Правда в обмороке пребывали уже две дамы, Щербатова и жена Николая Ивановича, дородная блондинка. Сам же пострадавший продолжал лежать на спине, являя обществу свою окровавленную грудь. Решительная женщина пыталась успокоить рыдающее собрание, но это ей плохо удавалось. У какой-то дамы началась истерика и грозила перерасти в общее столпотворение.

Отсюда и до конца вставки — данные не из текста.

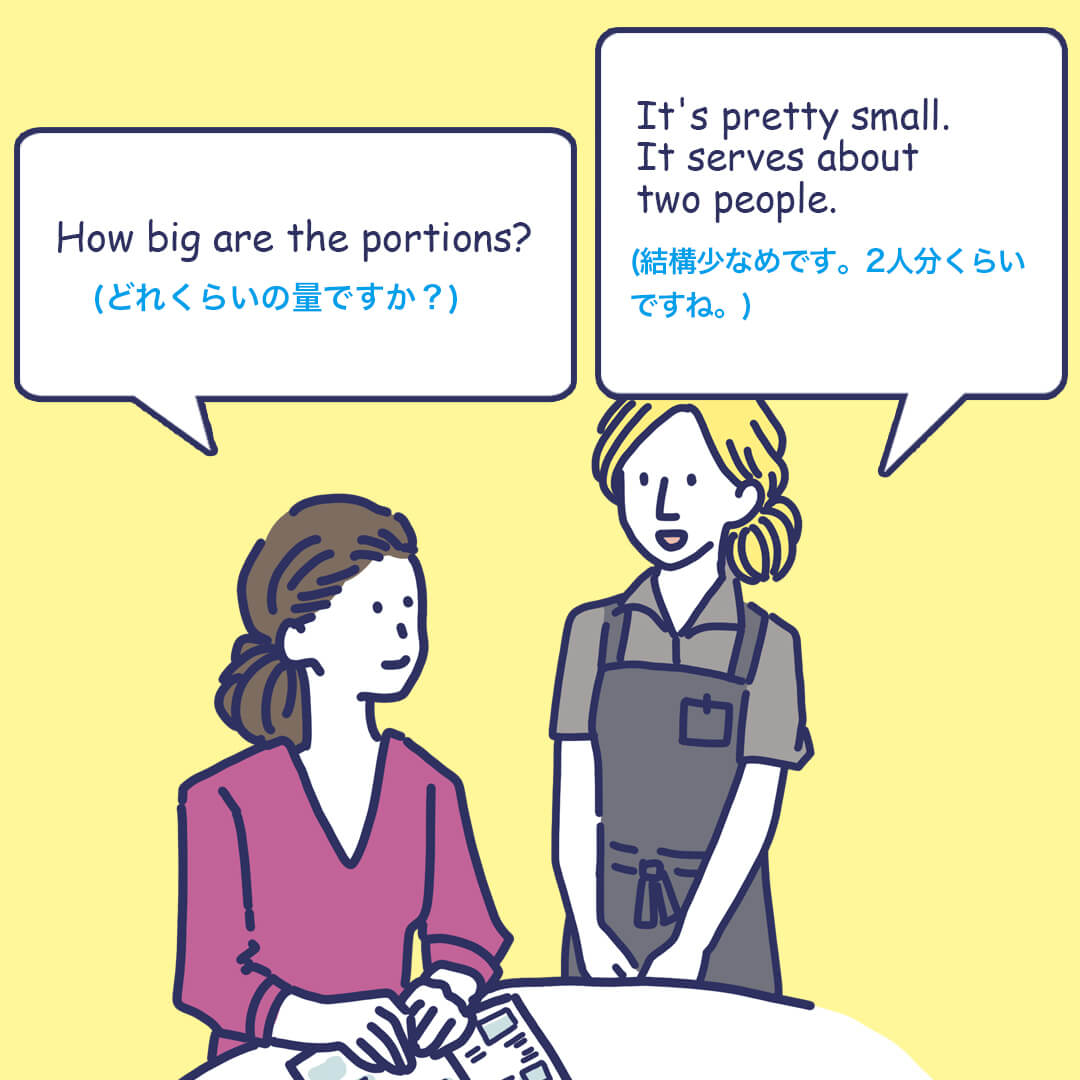 レストランで注文。「どれくらいの量ですか?」英語でなんて言う?

Мое возвращение немного отвлекло прекрасную половину человечества от стенаний и, на время успокоившись, дамы забросали меня вопросами, где разбойники и долго ли нам всем осталось жить на этом свете.
– Они трусливо бежали! – громко сообщила я. – Больше никакой опасности не осталось, что с Николаем Ивановичем?
Спросила я это зря, тотчас на бедную жертву переключилось общее внимание, и вид окровавленного тела вызвал еще один обморок. Теперь на полу лежало четыре бездыханных тела и еще четыре дамы рыдали над ними. В нормальном состоянии остались только мы с решительной женщиной. Она нюхательными солями пыталась успокоить истеричку, а я просто стояла на месте, не зная, что предпринять и кому нужно помогать в первую очередь.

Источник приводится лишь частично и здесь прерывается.